Organization. Calamos Global Total Return (the “Fund”) was organized as a Delaware statutory trust on March 30, 2004 and is registered under the Investment Company Act of 1940 as amended (the “1940 Act”) as a diversified, closed-end management investment company. The Fund commenced operations on October 27, 2005. The Fund’s investment objective is to provide total return through a combination of capital appreciation and current income.

Fund Valuation. The valuation of the Fund’s securities is in accordance with policies and procedures adopted by and under the ultimate supervision of the board of trustees.

Fund securities that are traded on U.S. securities exchanges, except option securities, are valued at the last current reported sales price at the time a Fund determines its net asset value (“NAV”). Securities traded in the over-the-counter market and quoted on The NASDAQ Stock Market are valued at the NASDAQ Official Closing Price, as determined by NASDAQ, or lacking a NASDAQ Official Closing Price, the last current reported sale price on NASDAQ at the time the Fund determines its NAV.

When a last sale or closing price is not available, equity securities, other than option securities, that are traded on a U.S. securities exchange and other equity securities traded in the over-the-counter market are valued at the mean between the most recent bid and asked quotations in accordance with guidelines adopted by the board of trustees. Each option security traded on a U.S. securities exchange is valued at the mid-point of the consolidated bid/ask quote for the option security, also in accordance with guidelines adopted by the board of trustees. Each over-the-counter option that is not traded through the Options Clearing Corporation is valued based on a quotation provided by the counterparty to such option under the ultimate supervision of the board of trustees.

Fixed income securities, certain convertible preferred securities, and non-exchange traded derivatives are normally valued by independent pricing services or by dealers or brokers who make markets in such securities. Valuations of such fixed income securities, certain convertible preferred securities, and non-exchange traded derivatives consider yield or price of equivalent securities of comparable quality, coupon rate, maturity, type of issue, trading characteristics and other market data and do not rely exclusively upon exchange or over-the-counter prices.

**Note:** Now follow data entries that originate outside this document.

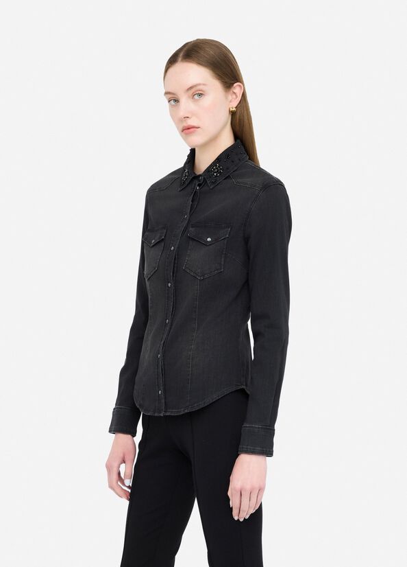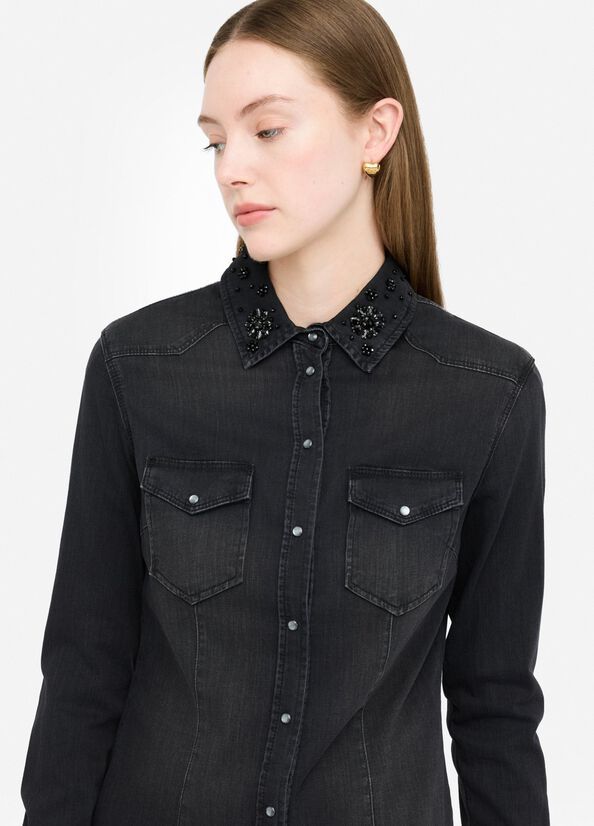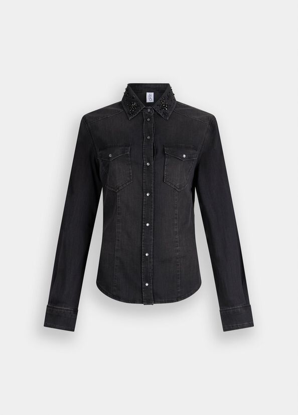 Camicia in denim di cotone stretchstrass applicatilavaggio usedcolletto classico 98%co 2%ea
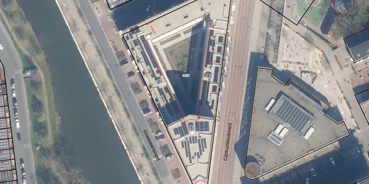 Het perceel waarop Centrumboulevard 15-D staat heeft een oppervlakte van 3400 m². Dit is een zeer groot perceel. De perceeloppervlakte wordt geregistreerd door het Kadaster. Gedetailleerde informatie over de maten van dit perceel kunt u vinden in het rapport Kadastrale kaart met maatvoering van Centrumboulevard 15-D.
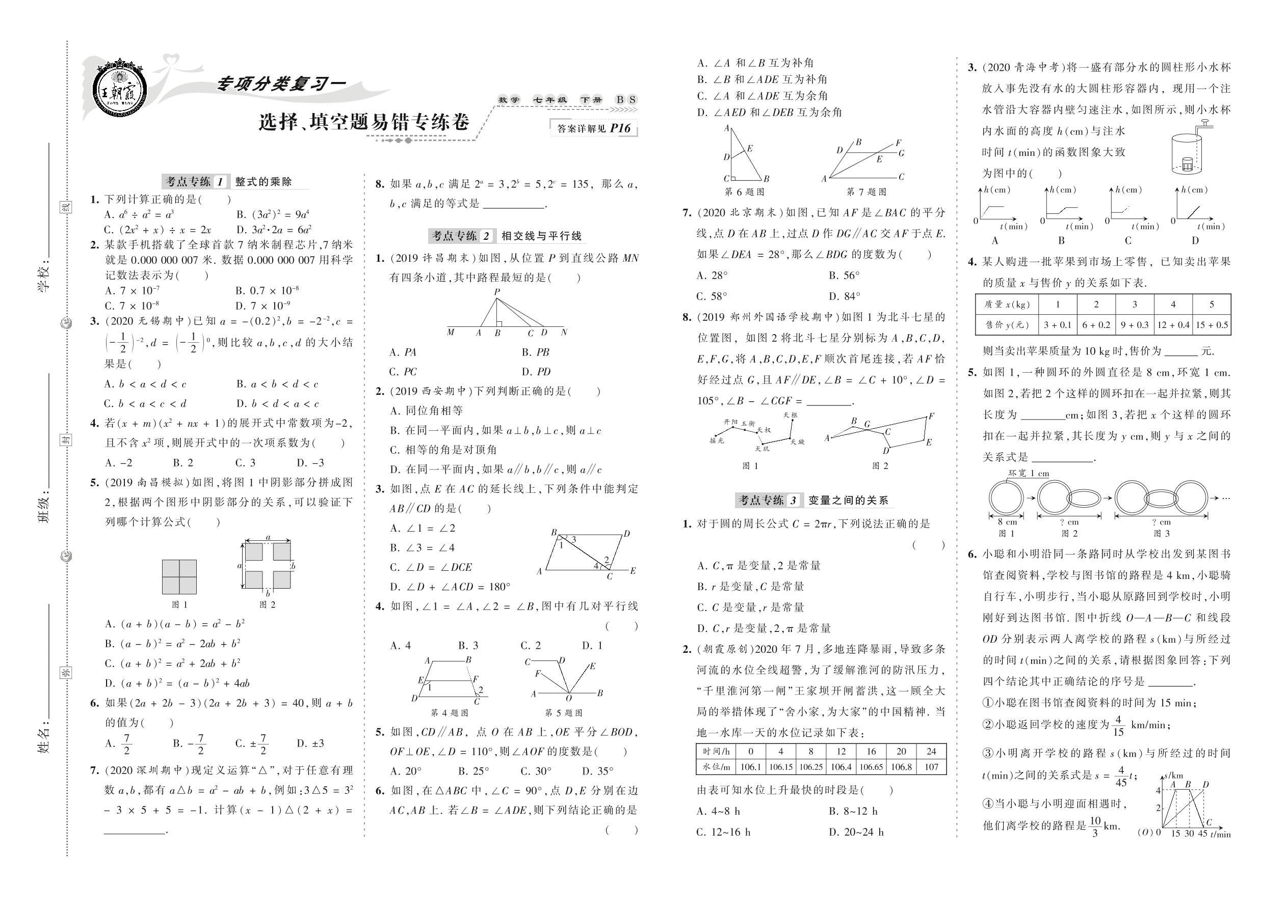 七年级数学北师版下册专项卷

Trading on European and Far Eastern exchanges and over-the-counter markets is typically completed at various times before the close of business on each day on which the New York Stock Exchange (“NYSE”) is open. Each security trading on these exchanges or over-the-counter markets may be valued utilizing a systematic fair valuation model provided by an independent pricing service approved by the board of trustees. The valuation of each security that meets certain criteria in relation to the valuation model is systematically adjusted to reflect the impact of movement in the U.S. market after the foreign markets close. Securities that do not meet the criteria, or that are principally traded in other foreign markets, are valued as of the last reported sale price at the time the Fund determines its NAV, or when reliable market prices or quotations are not readily available, at the mean between the most recent bid and asked quotations as of the close of the appropriate exchange or other designated time. Trading of foreign securities may not take place on every NYSE business day. In addition, trading may take place in various foreign markets on Saturdays or on other days when the NYSE is not open and on which the Fund’s NAV is not calculated.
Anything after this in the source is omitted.